Serviceguard
cancel
Showing results for 
Search instead for 
Did you mean: 

SGLX problem on SLES10, when one node reboot

SOLVED
Go to solution
ieeezhang
Occasional Visitor

SGLX problem on SLES10, when one node reboot

I have two hosts running ServiceGuard on SLES10 SP1. The Lock LUN is on the disk /dev/sdc2.

The NFS service on it can switch to the backup host manually or by command cmhaltnode.
But when the serving node reboot, all two hosts are down. The cluster status and error logs are in the attachment.

I've tried the SGLX A.11.16 on RHEL4 before, no such problem. Can anyone help to tell why it occures on SGLX A.11.18 SLES10 SP1. Thanks.
4 REPLIES
Colin Topliss
Esteemed Contributor

Re: SGLX problem on SLES10, when one node reboot

There can be a number of reasons - I had so much trouble with using lock LUNs that I abandoned the whole idea and switched to using quorum servers instead. In fact that worked so well we have begun to switch our HP nodes to using quorum servers too!

So, has this ever worked? Is this the first time you've rebooted the nodes since you put SG on there? Have you presented more LUNs to this system since the day you installed it? If you have, have you set up persistent binding on the LUNs?

ieeezhang
Occasional Visitor

Re: SGLX problem on SLES10, when one node reboot

I've tried rebooting several times. Sometimes it works. The backup node can get the lock LUN, the serving node down. But most times, it failed.
I have several LUNs mapped to the hosts. I've tried with other partitions as the Lock LUN. The problem also exits.
Since the same lun have the same name on my two hosts every time they booted. So I suppose it's not the persistent binding problem.
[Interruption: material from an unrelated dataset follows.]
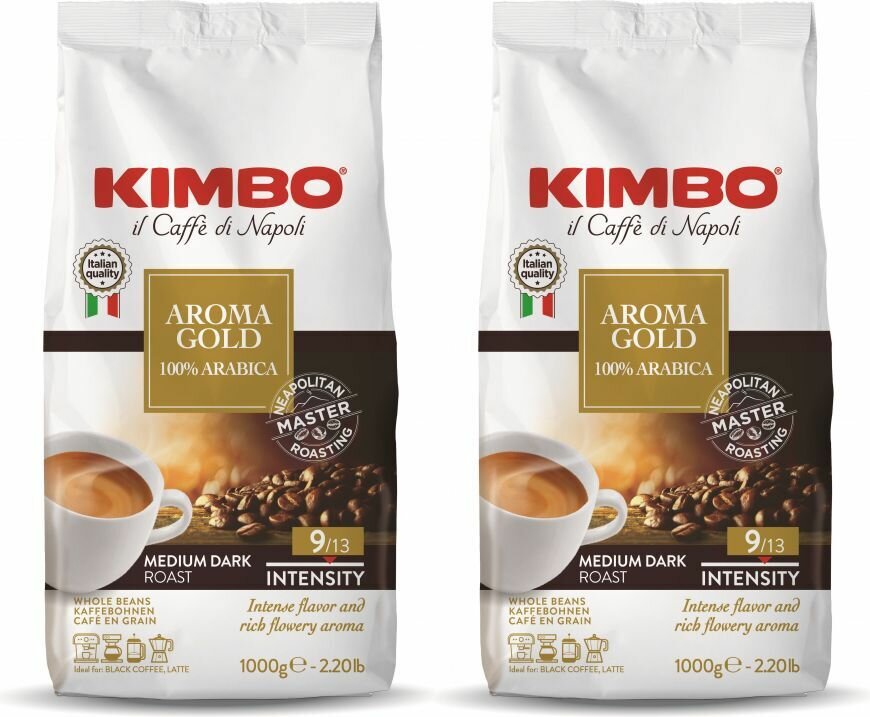 Кофе в зернах «Kimbo Aroma Gold», арабика, средняя обжарка, 100%, 2 упаковки по 1кг: сравнение цен, характеристики, фото, актуальное наличие и цены.

Are there any possibility when the serving node rebooting, the Ethernet down first, so the heartbeat down. Then two nodes begin to contend for the Lock LUN. Sometimes, the serving node get the Lock LUN before it really shutdown.
If so, are there any configuration to be edited to postpone the node down detection time when the heartbeat down, or any parameter to let the backup node to try to obtain the lock LUN more times? Thanks.
Colin Topliss
Esteemed Contributor
Solution

Re: SGLX problem on SLES10, when one node reboot

Hi,

Yes - look in your cmclconf.ascii file for the line containing the phrase 'Cluster Timing Parameters'. This is the section that deals with the HEARTBEAT_INTERVAL and NODE_TIMEOUT parameters.

This file sits in $SGCONF (which in our case /opt/cmcluster/conf).

Colin.
ieeezhang
Occasional Visitor

Re: SGLX problem on SLES10, when one node reboot

Thanks for your advice. I've changed the NODE_TIMEOUT paremeter in that file to a larger number. It really works.